In this section, we review the calculations of the orbital period of a CBP candidate detected in an eclipsing binary system that exhibits multiple transits in one conjunction. We note that these calculations are only possible for eclipsing double-lined spectroscopic binary stars because we need to know the locations of the stars with respect to the center of mass at any given time. For more details, we refer the reader to Section 4 of Kostov et al. (2016) and to Schneider & Chevreton (1990).

Briefly, using the measured transit times between two transits, ${\rm{\Delta }}t=| {t}_{2}-{t}_{1}|$, and the distance traveled by the CBP during this time interval, ${\rm{\Delta }}x=| {x}_{2}-{x}_{1}|$, the instantaneous, sky-projected x-component of the orbital velocity of the planet can be calculated from (V_calc)_x = Δでるたx/Δでるたt. Here, x₁ and x₂ are the sky-projected x-coordinates of the star being transited,¹¹ and are derived spectroscopically from the binary's radial velocities at times t₁ and t₂ (for details, see Figure 1 and also Equations (3), (4), and (5) of Kostov et al. 2016). Using this velocity and the total mass of the binary, M_bin (also derived from binary's radial velocities), and assuming co-planarity between the CBP and the host binary, the orbital period of the CBP (P_calc) can be obtained from

$$\begin{eqnarray}&&{P}_{\mathrm{calc}}=-\displaystyle \frac{2\pi {{GM}}_{\mathrm{bin}}}{{({V}_{\mathrm{calc}})}_{x}^{3}}{\left[\displaystyle \frac{e\sin \omega +\sin (\theta +\omega )}{\sqrt{(1-{e}^{2})}}\right]}^{3}.\end{eqnarray} \tag{ 1 }$$

In this equation, e, θしーた, and ωおめが are the eccentricity, true anomaly, and argument of pericenter of the CBP orbit; at conjunction, $\sin (\theta +\omega )\approx -1$.

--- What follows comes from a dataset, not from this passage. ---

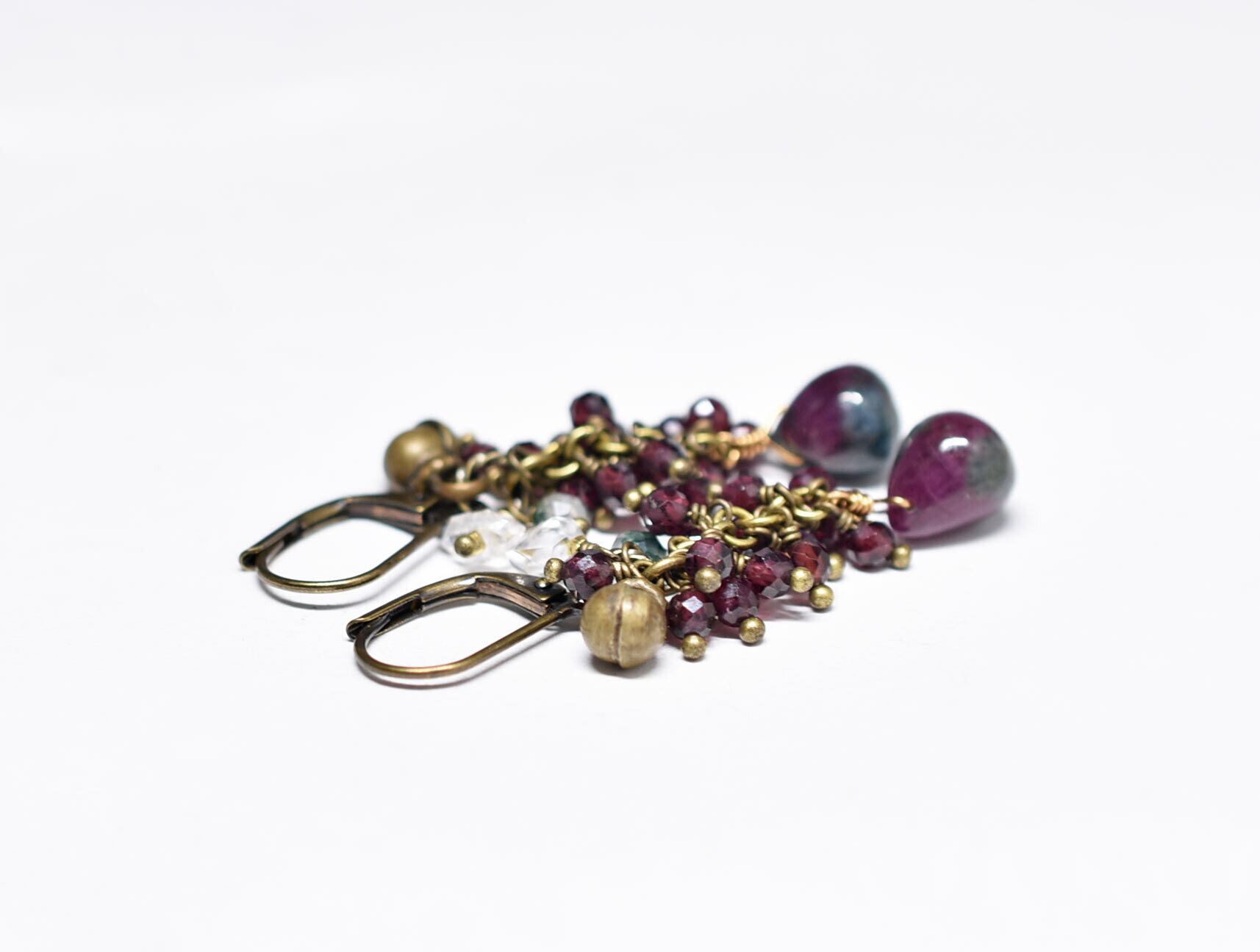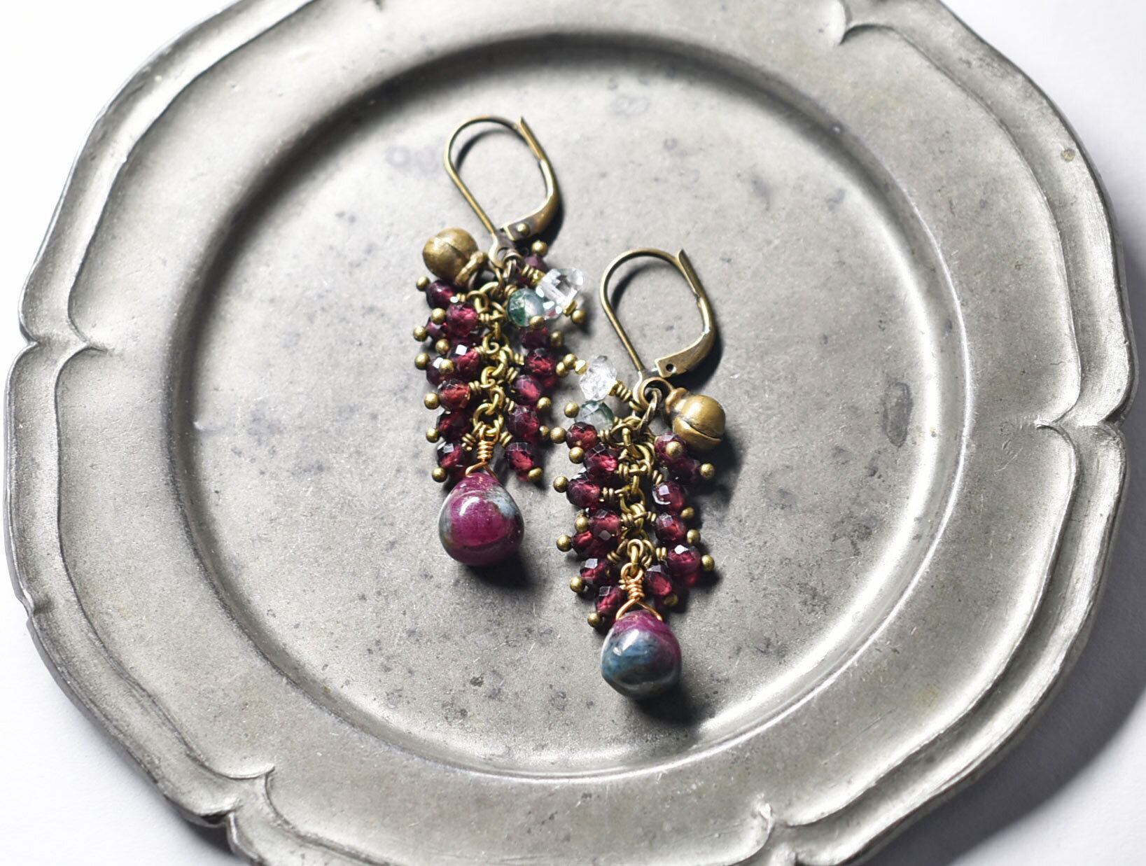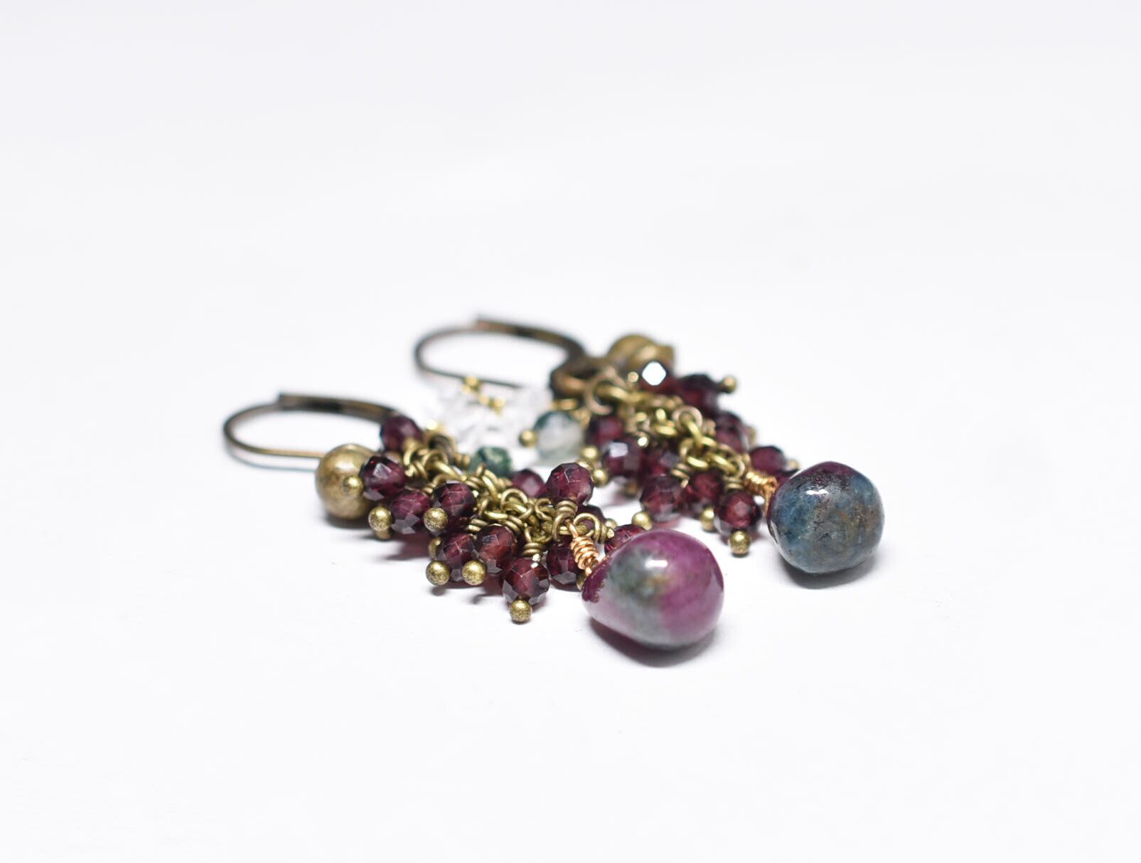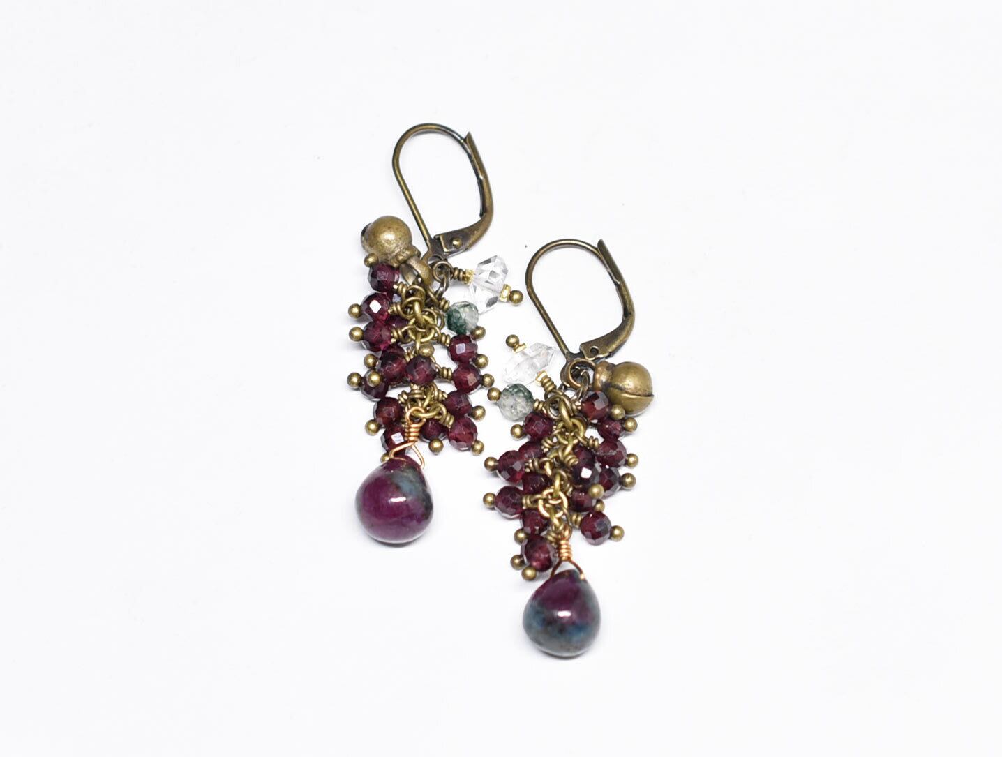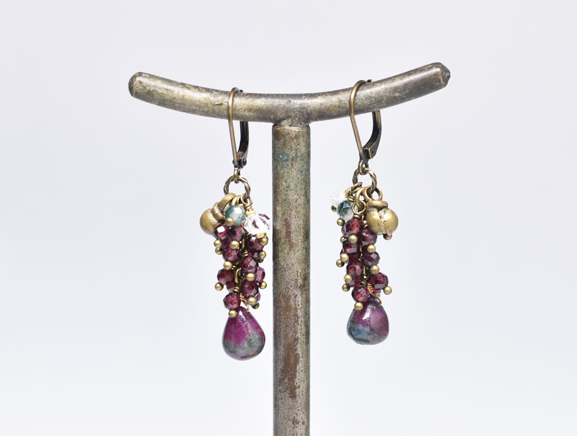 雫ルビーインゾイサイト、たわわなガーネット、モスアゲート、ハーキマーダイヤモンド、民族鈴を繋いだピアスです。

Kostov et al. (2016) applied this equation to the Kepler-1647 system and, assuming circular orbit, derived an orbital period of 1030 days for its CBP. This value is within ∼5% of the true orbital period of the planet, obtained from the comprehensive photodynamical modeling of this system. Such a level of accuracy was a remarkable achievement in using Equation (1) as only less than 5 days of Kepler data had been utilized in the calculations. However, as explained in the next section, this impressive level of accuracy is mainly due to the fortuitous phase of the orbital precession of Kepler-1647 b such that (V_calc)_x is close to the average velocity of Kepler-1647 b during its orbit. To obtain a more general understanding of the level of accuracy of this approximation, we applied Equation (1) to all Kepler systems that show multiple transits in one conjunction, ensuring that the CBP's orbital precession is properly taken into account. In the Section 3, we present and discuss these cases.

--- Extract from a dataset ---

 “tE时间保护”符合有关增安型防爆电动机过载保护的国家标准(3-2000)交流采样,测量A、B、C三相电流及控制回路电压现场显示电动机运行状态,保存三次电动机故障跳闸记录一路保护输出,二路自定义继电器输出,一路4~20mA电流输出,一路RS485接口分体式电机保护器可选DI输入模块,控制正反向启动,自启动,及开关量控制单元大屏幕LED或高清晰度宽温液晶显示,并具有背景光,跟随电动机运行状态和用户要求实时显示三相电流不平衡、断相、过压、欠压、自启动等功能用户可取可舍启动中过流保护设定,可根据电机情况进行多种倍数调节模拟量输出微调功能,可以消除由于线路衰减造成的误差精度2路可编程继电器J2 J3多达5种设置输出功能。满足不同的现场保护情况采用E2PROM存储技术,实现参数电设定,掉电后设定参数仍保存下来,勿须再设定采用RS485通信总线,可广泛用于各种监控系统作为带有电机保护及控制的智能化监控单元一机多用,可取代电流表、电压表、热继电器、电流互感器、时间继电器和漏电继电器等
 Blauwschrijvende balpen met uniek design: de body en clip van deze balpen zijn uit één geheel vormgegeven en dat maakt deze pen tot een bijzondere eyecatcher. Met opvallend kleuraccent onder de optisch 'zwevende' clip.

2.1. Constraints on the Orbital Eccentricities of CBP Candidates from Stability Analysis

As shown by Equation (1), an estimate of the orbital eccentricity of a CBP candidate is required in order to calculate its orbital period. However, the eccentricity and the argument of pericenter are not known a priori. To some extent, this complication can be overcome using a stability analysis to constrain the range of the planet's orbital eccentricity.

This is demonstrated in Figure 2 where we compare the calculated orbital periods of Kepler-16b, -35b, -1647b, and -34b CBPs using Equation (1) for circular and eccentric orbits. As 12 of the currently known 13 transiting CBPs have orbital eccentricities smaller than 0.1,¹² this value was chosen as the maximum range of the eccentricity we explored for Kepler-16b, -35b, and -1647b (panel (a)). Because the host binary for Kepler-34b is more massive and more eccentric compared to the other three systems, and so is the orbit of the CBP itself (e = 0.18), we explored higher planetary eccentricities in panel (b). We note that the forced eccentricities are low as well (see, e.g., Equation (38) of Leung & Lee 2012).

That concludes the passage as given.